The pressure exerted at R is to that registered at Q as the distance PQ is to the distance PR. As the spring balance will not record beyond 40 lbs., the ratio of PQ to PR may conveniently be made 5 to 1, as this will allow for the performances of quite a strong man; but even if the ratio be lowered to 4 to 1, few readers will stretch the balance to its limit.
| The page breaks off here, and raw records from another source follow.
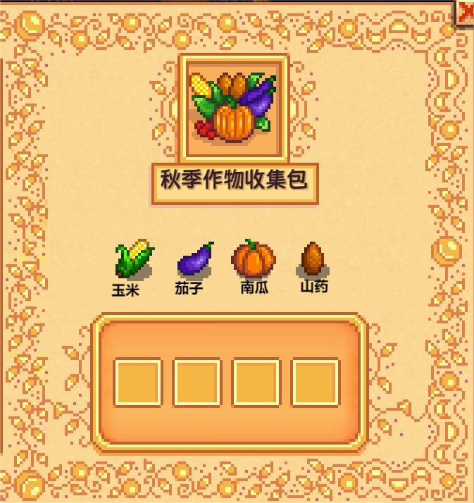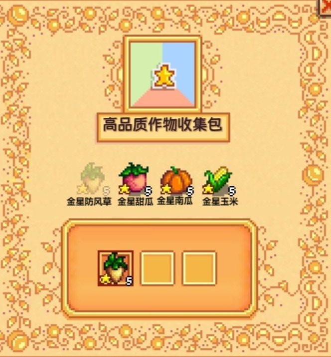 下面这个“秋季作物收集包”我也提一下,因为玉米是两季作物,所以说如果你夏季就已经开始追金星玉米了,那你这里也可以提交一下
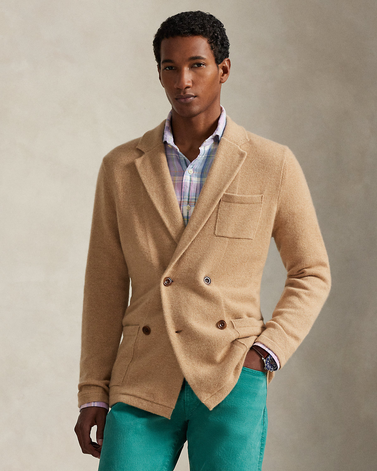 Knit with luxuriously soft cashmere, this unisex layer offers the polished look of a blazer with the comfort of a cardigan.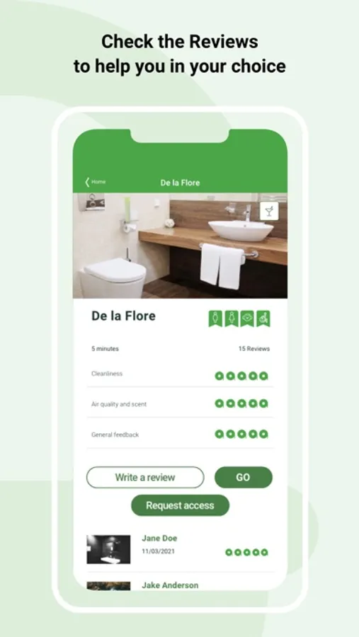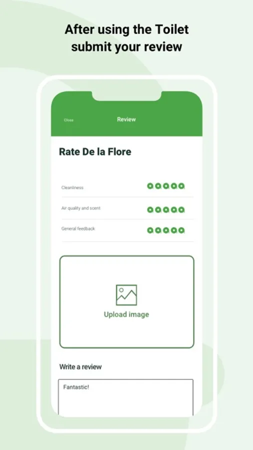 In addition to a review to rate the cleanliness, air quality, and scent of the environment, you can also leave general feedback and report any fees as well as the availability of accessible toilets and of baby changing units for mothers with small children.

The balance should preferably be of the type shown in Fig. 162, having an indicator projecting at right angles to the scale through a slot, as this can be very easily fitted with a sliding index, I, in the form of a 1/4-inch strip of tin bent over at the ends to embrace the edges of the balance.

CONSTRUCTION.



As the pressures on the machine are high, the construction must be solid throughout. The lever frame, A, and pivot piece, C, should be of one-inch oak, and the two last be screwed very securely to the baseboard. The shape of A is shown in Fig. 163. The inside is cut out with a pad saw, a square notch being formed at the back for the lever to move in. The handles of an old rubber chest expander come in useful for the grips. One grip, D, is used entire for attachment to the lever; while of the other only the wooden part is required, to be mounted on a 1/4-inch steel bar running through the arms of A near the ends of the horns. If a handle of this kind is not available for D, one may substitute for it a piece of metal tubing of not less than 1/2-inch diameter, or a 3/4-inch wooden rod, attached to an eye on the lever by a wire passing through its centre.

A handle, if used, is joined to the lever by means of a brass plate 3/4 inch wide and a couple of inches long. A hole is bored in the centre somewhat smaller than the knob to which the rubber was fastened, and joined up to one long edge by a couple of saw cuts. Two holes for good-sized screws must also be drilled and countersunk, and a socket for the knob must be scooped out of the lever. After making screw holes in the proper positions, pass the shank of the knob through the slot in the plate, and screw the plate on the lever. This method holds the handle firmly while allowing it to move freely.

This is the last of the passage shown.